Mike Beckert, project engineer and sales, Buhler, said, "Indian confectionery market has a big challenge of space constraints. Thus, a compact and flexible machinery may help Indian conditions to upgrade as per their requirements."

Explaining about wafers in confectionery industry, Daniel Nahrhold, product sales manager, Hebenstreit GmbH, said, "Wafers and chocolate making are usually a crucial element of confectionery. Different and distinctive textures and typers are available with us to decorate your wafer or chocolate. There are layers in the wafer chocolates which can be availed very finely with our solutions."

Matthias Drees, managing partner, Oka-Spezialmaschinenfabrik GmbH, touched some points on decoration through automation. He said, "We can have sprinkles of nuts sugar on chocolates or other products. These sprinkles can be in the form of textures or patterns. India has much diversity in food and our decoration solutions in the confectionery and food industry are flexible enough to suit the demand of Indian kitchen such as lack of space and temperature."

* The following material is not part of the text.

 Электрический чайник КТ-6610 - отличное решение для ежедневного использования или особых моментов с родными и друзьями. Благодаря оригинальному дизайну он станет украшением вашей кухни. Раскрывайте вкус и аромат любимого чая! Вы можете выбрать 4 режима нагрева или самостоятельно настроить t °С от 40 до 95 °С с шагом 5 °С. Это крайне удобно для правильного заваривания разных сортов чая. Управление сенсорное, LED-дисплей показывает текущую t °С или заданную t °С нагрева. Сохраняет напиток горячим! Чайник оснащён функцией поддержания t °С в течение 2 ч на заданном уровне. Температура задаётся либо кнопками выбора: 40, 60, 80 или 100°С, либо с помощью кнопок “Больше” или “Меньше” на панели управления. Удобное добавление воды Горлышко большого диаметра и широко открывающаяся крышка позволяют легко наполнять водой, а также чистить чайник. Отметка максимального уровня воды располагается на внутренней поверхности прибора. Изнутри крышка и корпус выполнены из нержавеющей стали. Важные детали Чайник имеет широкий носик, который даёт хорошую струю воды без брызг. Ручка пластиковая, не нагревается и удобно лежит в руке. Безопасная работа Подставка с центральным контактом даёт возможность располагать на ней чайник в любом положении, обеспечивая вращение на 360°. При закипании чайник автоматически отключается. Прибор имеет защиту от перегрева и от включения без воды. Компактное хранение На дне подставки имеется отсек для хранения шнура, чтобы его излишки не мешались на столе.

The symposium also highlighted some issues like kitchen hygiene, good manufacturing practices, water management in confectionery, and personal hygiene that should be followed by employees.

Suneet Gupta, product manager, Bosch Packaging India, said, "India is a booming market and has a lot of potential. We have seen bar chocolates, but bar lines doesn't only end at chocolate industry. Bar market in confectionery are popular in India and has bars manufactured with jaggery and peanuts in combination. These bars are popular in local market."

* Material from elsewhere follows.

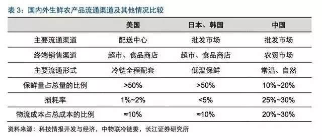 中國生鮮食品流通效率低下且安全問題突出。據不完全統計,2015年我國果蔬、肉類、水產品的冷鏈流通率分別達到22%、34%、41%,冷藏運輸率分別為35%、57%、69%。與發達國家相比,差距巨大。
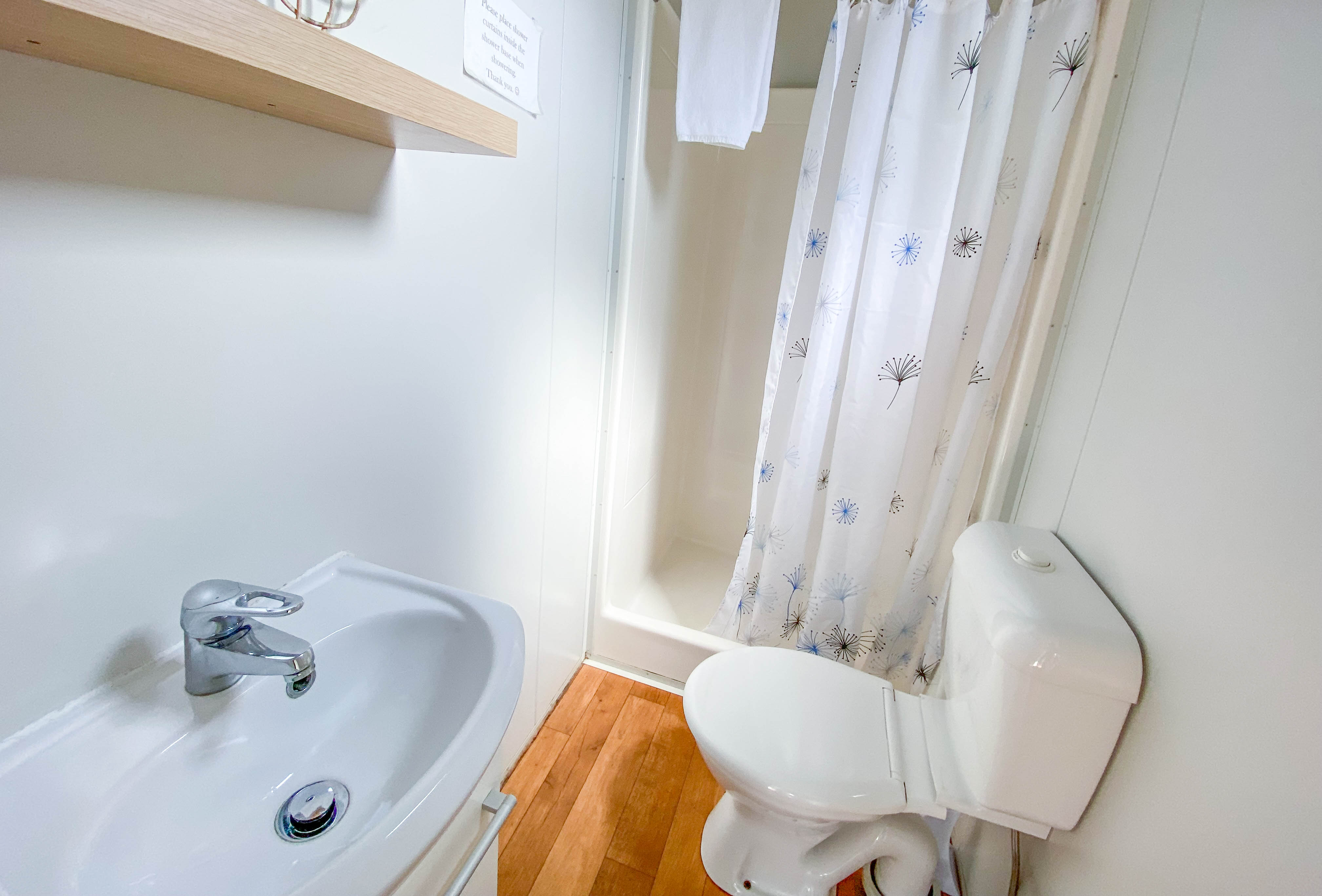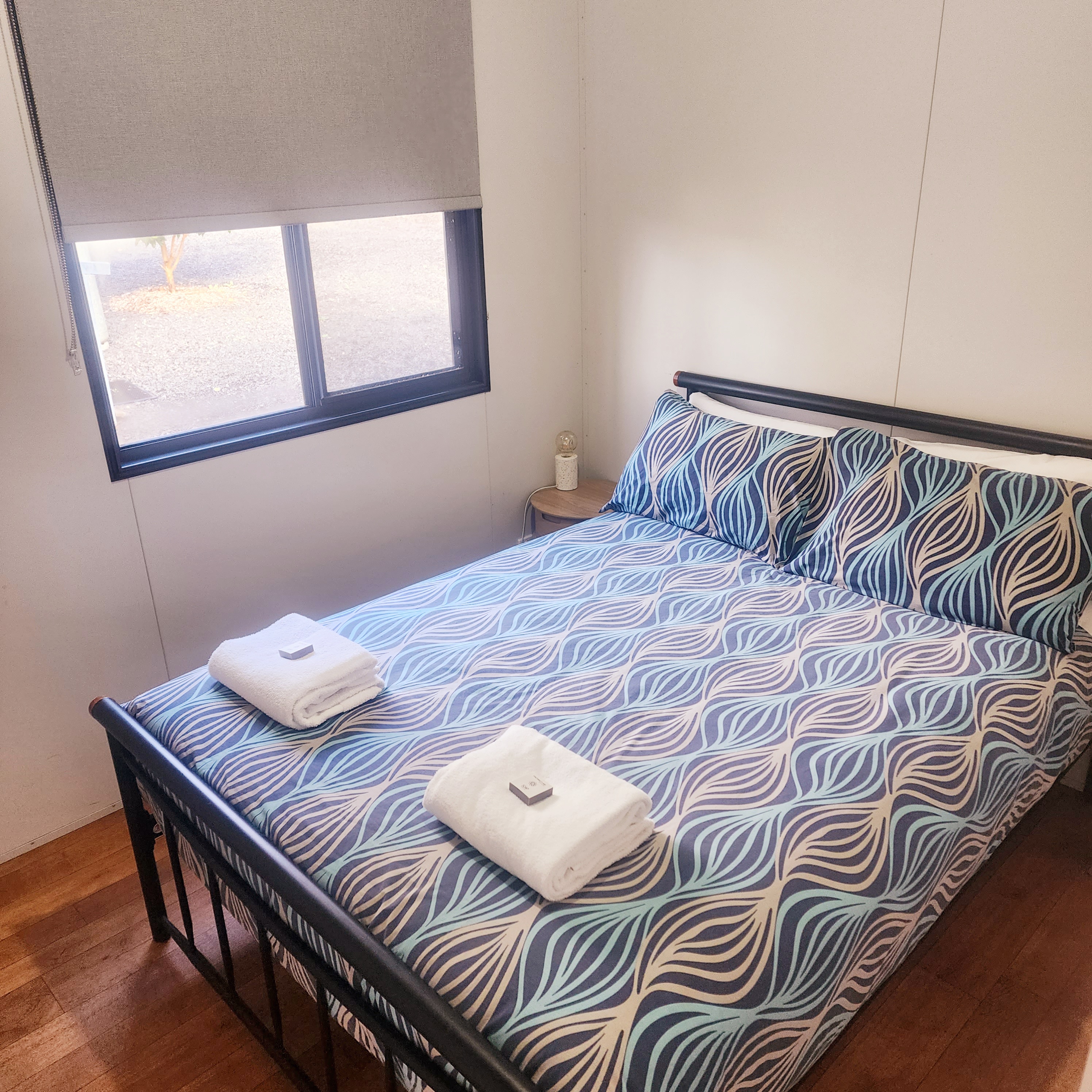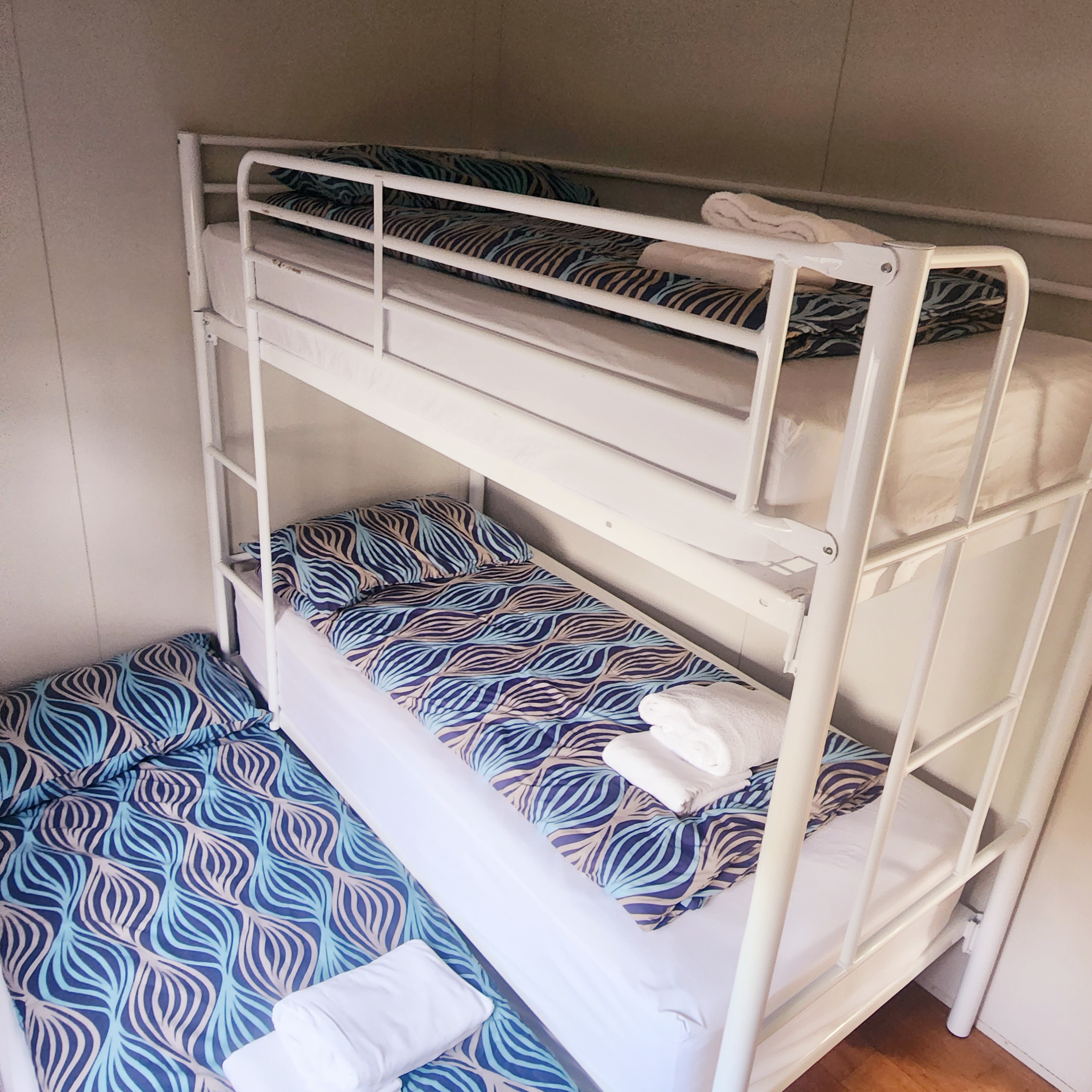 Our family cabins feature two bedrooms - one with a double bed and the other equipped with a bunk and single bed.

"Indian industry is also witnessing a new category known as healthy foods which are manufactured as bars. In India too it will soon be introduced after the clearance of laws over nutraceuticals. We have tested the results which will revolutionise the market with use of sugar substitutes like starch and peptin," added Gupta.

Chocotech, a German production solution provider, in his presentation explained how traditional processing can be replaced with modern technology without hindering the recipe. Martin McDermott from Chocotech said, "India has tradition and their tradition is reflected while they work. Yes, this is good but only the traditional way will lead to exemption of a brand out of the market. Thus, modern technology should be used exactly with the same traditional recipe using customisations in the machinery provided by us."

The symposium, other than confectionery, touched other allied industries in the processing like food, snack processing and a bit of beverage. It was organised by VDMA and 13 of its member companies in association with VDMA India.